### EXERCISE AIM:
Write the full listing out again, word for word, but omit the pictures.

### DATA EXCERPT:

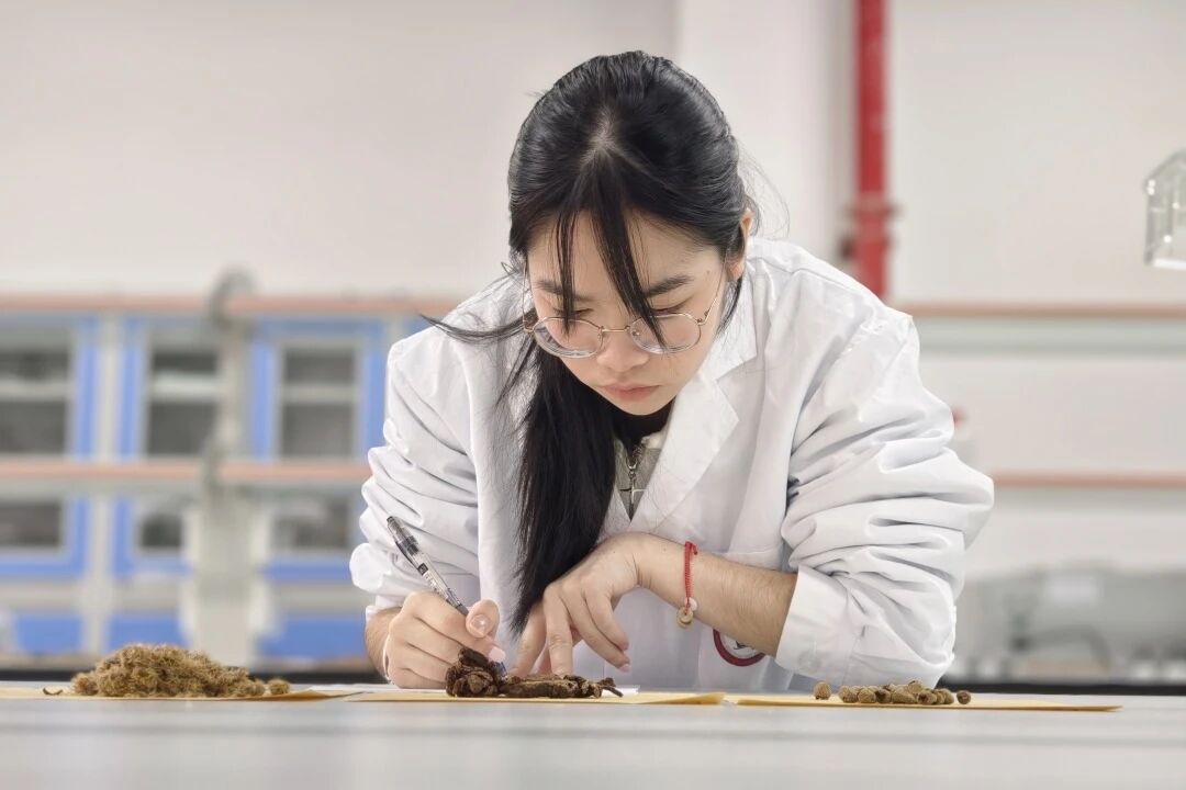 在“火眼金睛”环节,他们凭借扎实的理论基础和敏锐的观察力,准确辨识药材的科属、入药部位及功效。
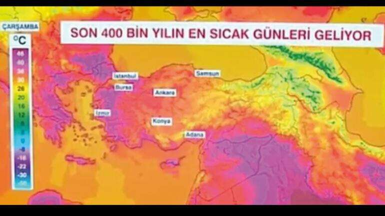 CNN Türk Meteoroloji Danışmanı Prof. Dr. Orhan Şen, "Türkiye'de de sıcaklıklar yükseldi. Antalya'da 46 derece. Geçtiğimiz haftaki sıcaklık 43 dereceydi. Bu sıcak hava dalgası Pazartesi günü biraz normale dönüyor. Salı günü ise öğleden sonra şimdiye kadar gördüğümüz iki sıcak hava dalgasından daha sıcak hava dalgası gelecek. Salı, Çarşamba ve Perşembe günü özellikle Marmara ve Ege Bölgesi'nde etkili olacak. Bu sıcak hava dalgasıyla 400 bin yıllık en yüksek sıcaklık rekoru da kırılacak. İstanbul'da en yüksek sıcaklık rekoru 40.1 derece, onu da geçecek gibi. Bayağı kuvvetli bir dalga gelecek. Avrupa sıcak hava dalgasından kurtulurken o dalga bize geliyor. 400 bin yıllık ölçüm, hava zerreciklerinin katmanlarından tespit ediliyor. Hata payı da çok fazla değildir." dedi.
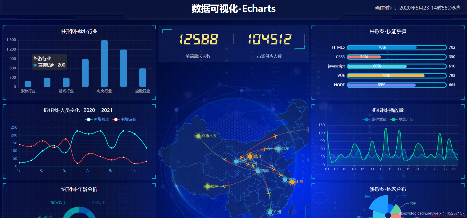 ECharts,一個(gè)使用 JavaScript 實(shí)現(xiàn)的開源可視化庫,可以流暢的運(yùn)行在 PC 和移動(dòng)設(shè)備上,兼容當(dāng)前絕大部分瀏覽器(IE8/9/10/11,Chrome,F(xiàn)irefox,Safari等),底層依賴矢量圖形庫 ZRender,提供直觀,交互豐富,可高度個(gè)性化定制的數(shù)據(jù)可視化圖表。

### RESULT:
 在“火眼金睛”环节,他们凭借扎实的理论基础和敏锐的观察力,准确辨识药材的科属、入药部位及功效。
 CNN Türk Meteoroloji Danışmanı Prof. Dr. Orhan Şen, "Türkiye'de de sıcaklıklar yükseldi. Antalya'da 46 derece. Geçtiğimiz haftaki sıcaklık 43 dereceydi. Bu sıcak hava dalgası Pazartesi günü biraz normale dönüyor. Salı günü ise öğleden sonra şimdiye kadar gördüğümüz iki sıcak hava dalgasından daha sıcak hava dalgası gelecek. Salı, Çarşamba ve Perşembe günü özellikle Marmara ve Ege Bölgesi'nde etkili olacak. Bu sıcak hava dalgasıyla 400 bin yıllık en yüksek sıcaklık rekoru da kırılacak. İstanbul'da en yüksek sıcaklık rekoru 40.1 derece, onu da geçecek gibi. Bayağı kuvvetli bir dalga gelecek. Avrupa sıcak hava dalgasından kurtulurken o dalga bize geliyor. 400 bin yıllık ölçüm, hava zerreciklerinin katmanlarından tespit ediliyor. Hata payı da çok fazla değildir." dedi.
 ECharts,一個(gè)使用 JavaScript 實(shí)現(xiàn)的開源可視化庫,可以流暢的運(yùn)行在 PC 和移動(dòng)設(shè)備上,兼容當(dāng)前絕大部分瀏覽器(IE8/9/10/11,Chrome,F(xiàn)irefox,Safari等),底層依賴矢量圖形庫 ZRender,提供直觀,交互豐富,可高度個(gè)性化定制的數(shù)據(jù)可視化圖表。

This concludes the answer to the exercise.